Top prosecutor quits Liberia
2005-03-01 10:33
Freetown - The lead prosecutor at Sierra Leone's UN-backed war crimes tribunal announced his resignation on Monday, citing family obligations but expressing no regrets after more than two years in the post.
David Crane, a veteran lawyer from the US defence department, said his three-year contract had come due with the UN-backed court trying atrocities committed during Sierra Leone's brutal 1991-2002 war and that he wouldn't seek to renew it.
"As you know, this is a non-accompanying post," Crane told The Associated Press, meaning his family doesn't live with him in Sierra Leone's war-battered capital, Freetown.
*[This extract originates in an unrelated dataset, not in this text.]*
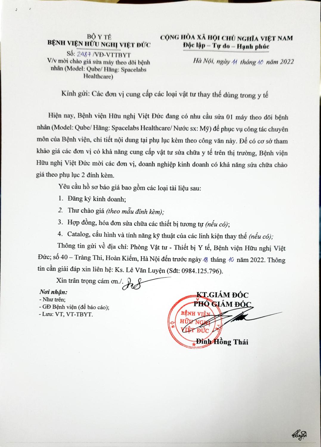 Bệnh viện Việt Đức mời chào giá sửa máy theo dõi bệnh nhân (Model: Qube/ Hãng: Spacelabs Healthcare)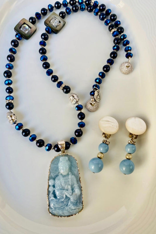 Sautoir perles de cristal bleu indigo et pendentif Buddha en aigue-marine ciselée

"I am just keeping to the promise I gave to my wife, who is a career (US government) employee," Crane said.
"I'm leaving with a great deal of satisfaction and will continue to work hard for the people of Sierra Leone until I finally leave."
UN spokesperson Fred Eckhard said Crane wrote to secretary-general Kofi Annan that he would not seek reappointment and will step down on July 15. p>
He told the secretary-general "that he hoped he could serve mankind and the United Nations in another capacity someday," Eckhard said at UN headquarters in New York.
Cases stem from 10 years of conflict
By statute, only the secretary-general can appoint a prosecutor for the special court, the world's first hybrid international war crimes tribunal.
It was established in January 2002 under an agreement between the United Nations and the Sierra Leone government.
Crane, 54, began his job as head of the prosecution team in August 2002 and trials opened in June 2004.
The Sierra Leone court is handling cases stemming from more than 10 years of fighting for control of Sierra Leone and its diamond fields, a conflict that saw rebels hacking off the limbs, lips and ears of civilian victims.
Former Liberian president Charles Taylor, the highest-profile of the court's 10 indicted suspects, is accused of directing Sierra Leone's Revolutionary United Front rebels and trafficking in guns and diamonds while in office.
Taylor lives in exile in Nigeria and Crane has vociferously lobbied for his hand over to the Sierra Leone court, which unlike other tribunals mixes UN and local statutes.
Nigeria, which helped broker the peace deal that ended Liberia's 14-year civil conflict last year and sent the first troops to calm the country, has said it will only surrender Taylor to a Liberian court.